Up until the Chumph, walking around with guns at protest marches was almost exclusively the purview of white wingers. Unable to win an argument based either or the truth of their claims, or their ability to converse intelligently,, the right-white fell back into the KKK history and decided to tout guns at rallies to threaten “evil liberals” who always seemed to win an “argument”.

Portions of the white-right have always been synonymous with violence. Whether the KKK, white nationalist, neo-Nazi, or even some Militia groups – they have left a bloody path wherever they go across America.

Now that they have the full support of the Chumph and his racist lackey Jefferson Davis Sessions, they are emboldened, and the number of hate crimes, and level of domestic terrorism has risen exponentially. By trying to drive a wedge between legitimate Law Enforcement and brutal goons who murder and assault at will, the Chump has created a situation where the citizenry is les sure that the Police will actually be on the side of Law and Order.
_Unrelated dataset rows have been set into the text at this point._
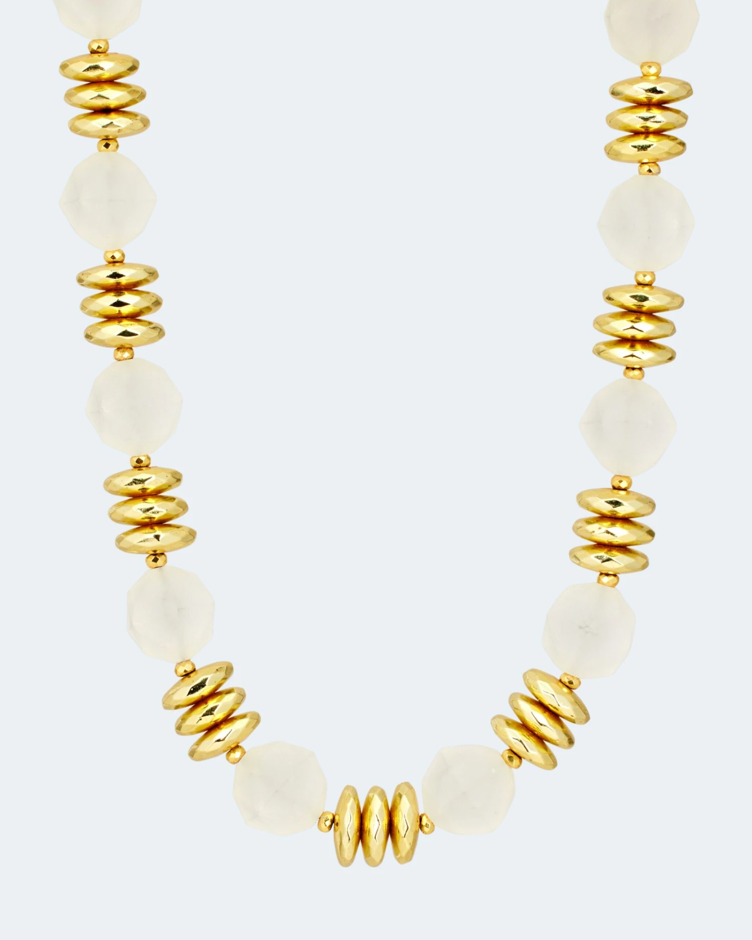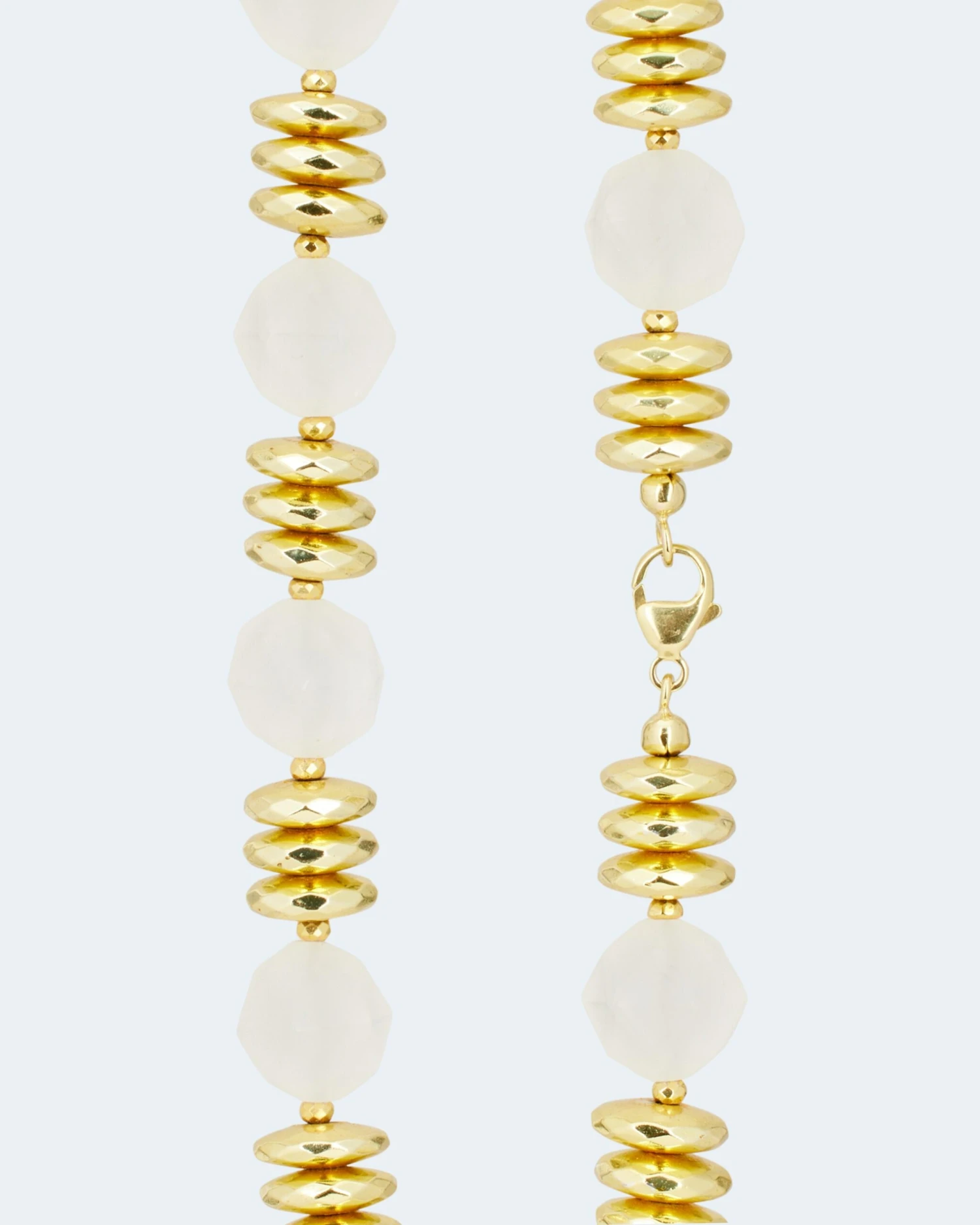 Wertvoller Edelsteinschmuck ist Ihre Leidenschaft? Dann sind Sie hier goldrichtig: Das einmalige Collier besteht aus vielen weißen Bergkristall-Kugeln sowie zahlreichen goldfarbenen Hämatit-Rondellen. Alle Steine sind facettiert, für hinreißende Funkel-Effekte bei jedem Lichteinfall. Zwischen die großen Bergkristalle sind jeweils fünf Hämatite gefädelt – so ergibt sich ein auffallender und einfach unwiderstehlicher Blickfang für Ihr Dekolleté.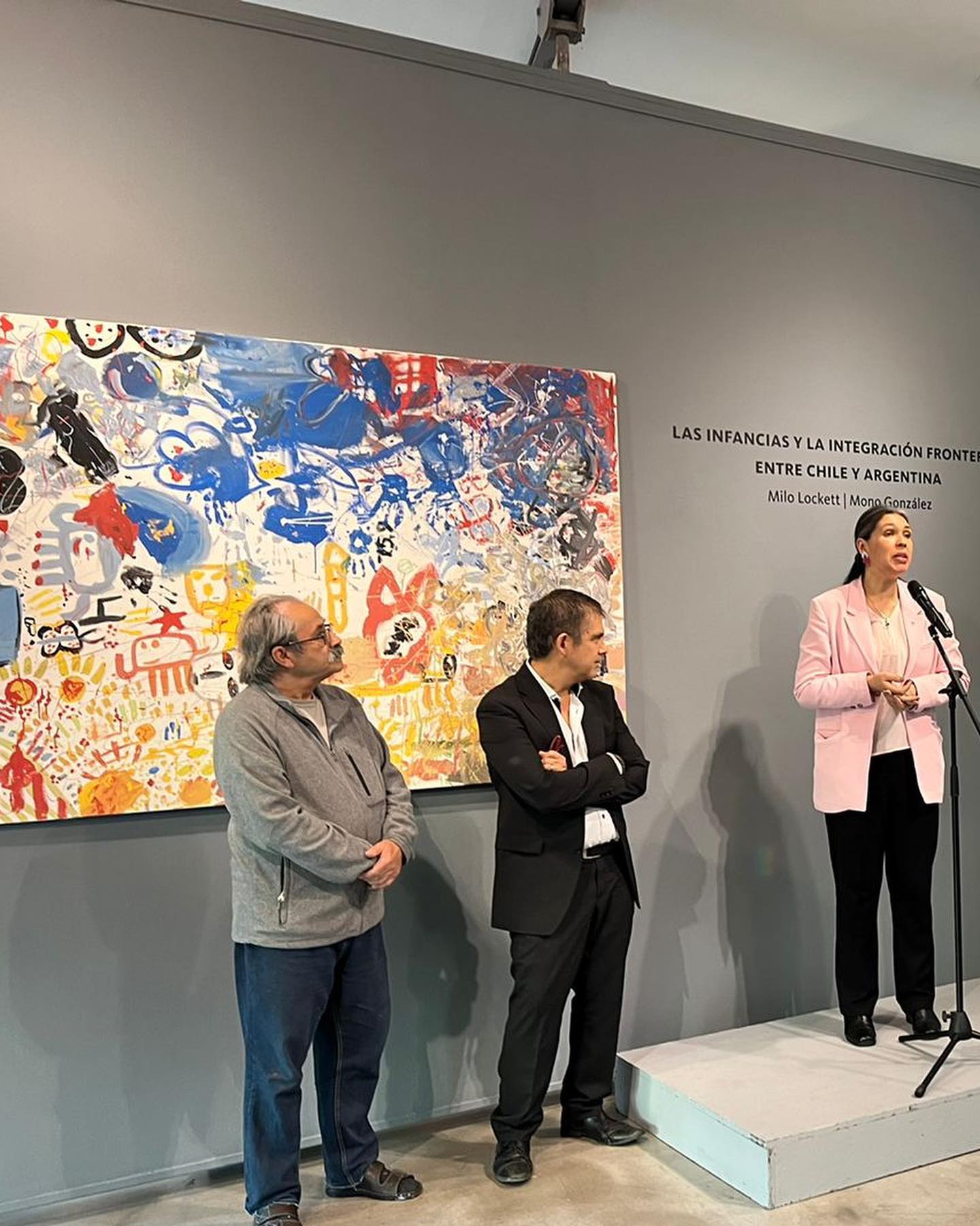 Junto al Conversatorio “Hablemos de Fronteras” en el que participó el Director de DILYF (Arg) y el Director de DIFROL (s) (Chile) se inauguró la muestra “Las Infancias y la Integración Fronteriza entre Chile u Argentina, creada por los pintores Milo Lockett y Alejandro Mono Gonzalez de Chile, la cual estará abierta al público desde este sábado hasta 3 de dic. 14hrs a 19hrs en CCMatta (domingo cerrado). Un gran momento para que nuestr@s hij@s puedan conocer las fronteras que nos unen, a través de la pintura.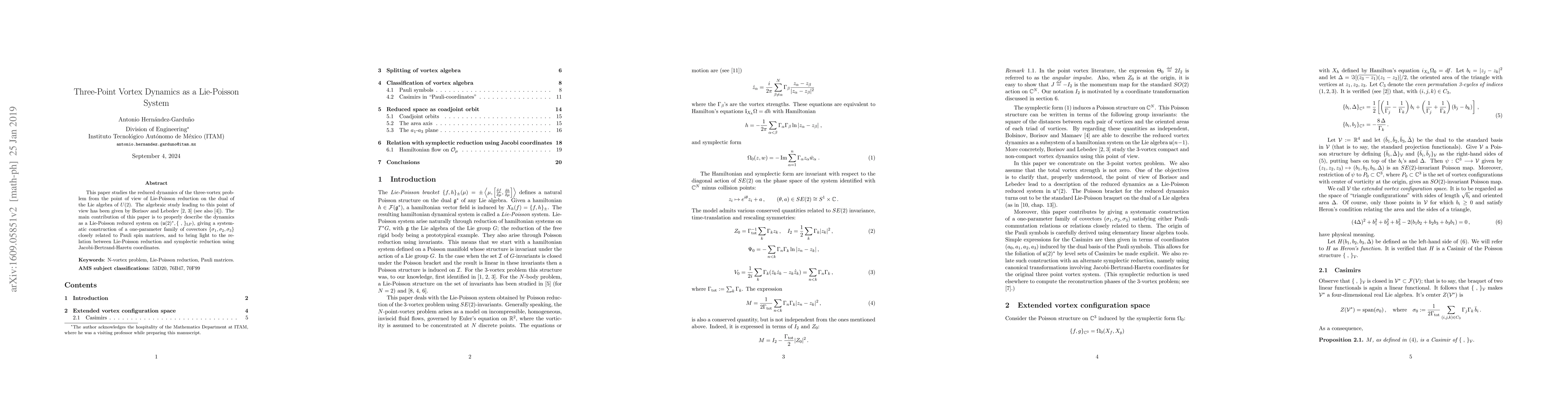 This paper explores the reduced dynamics of the three-vortex problem through Lie-Poisson reduction on the dual of the Lie algebra of $U(2)$, constructing a one-parameter family of covectors related to Pauli spin matrices and clarifying the relationship between Lie-Poisson and symplectic reduction.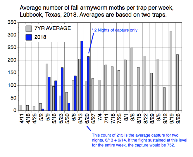 This does not appear to be a phenomenon confined to the Lubbock Research Center, as Katelyn Kesheimer, EA-IPM in Lubbock and Crosby counties, reported several hundred moths in the Crosby County traps she operates. (Rain filled the traps so it was not possible to count all the moths, but there were hundreds.) Additionally, Blayne Reed, EA-IPM in Hale, Swisher and Floyd counties, drove to Plainview from College Station late last week and reported that fall armyworm moths were very abundant at rest stops along the way.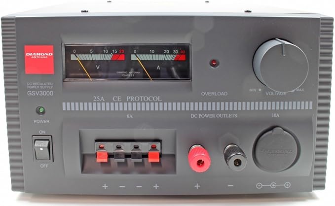入力電源:AC100V(50,60Hz) 出力電圧:DC1~15V可変 連続最大出力(13.8V時):連続30A(13.8V時) 8時間断続34A(1分送信、1分受信) 放熱方式:温度感応式強制空冷ファン付 寸法(突起物を含まず):250W 150H 240Dmm●重量:約9kg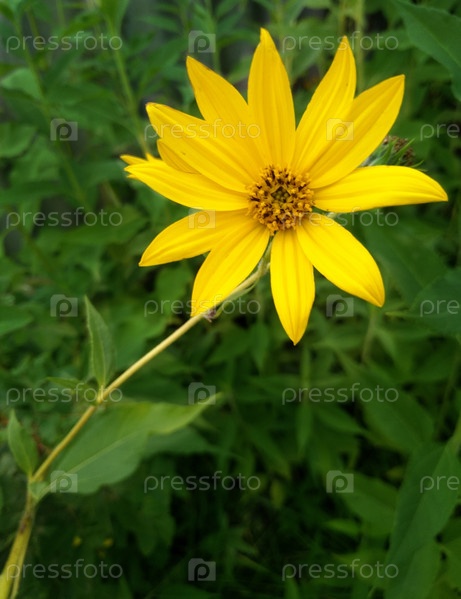 Желтый цветок топинамбура осенью на размытом фоне из зеленых листьев

I think in all but a few areas of the country, that fear is a bit overblown.

However, the white right is spoiling for a fight -as seen with both the murder in Charlottesville, and the attempted murders in Gainesville a few days ago,

This does not bode well.

Left Wing Militia set to defend their communities…Because the Chumph and KKK Sessions won’t

Left-wing groups taking up guns in ‘arms race’ against Trump-backing right-wingers

Left-wing activists are taking up arms in response to increasingly bold actions by white supremacists and other right-wing extremists.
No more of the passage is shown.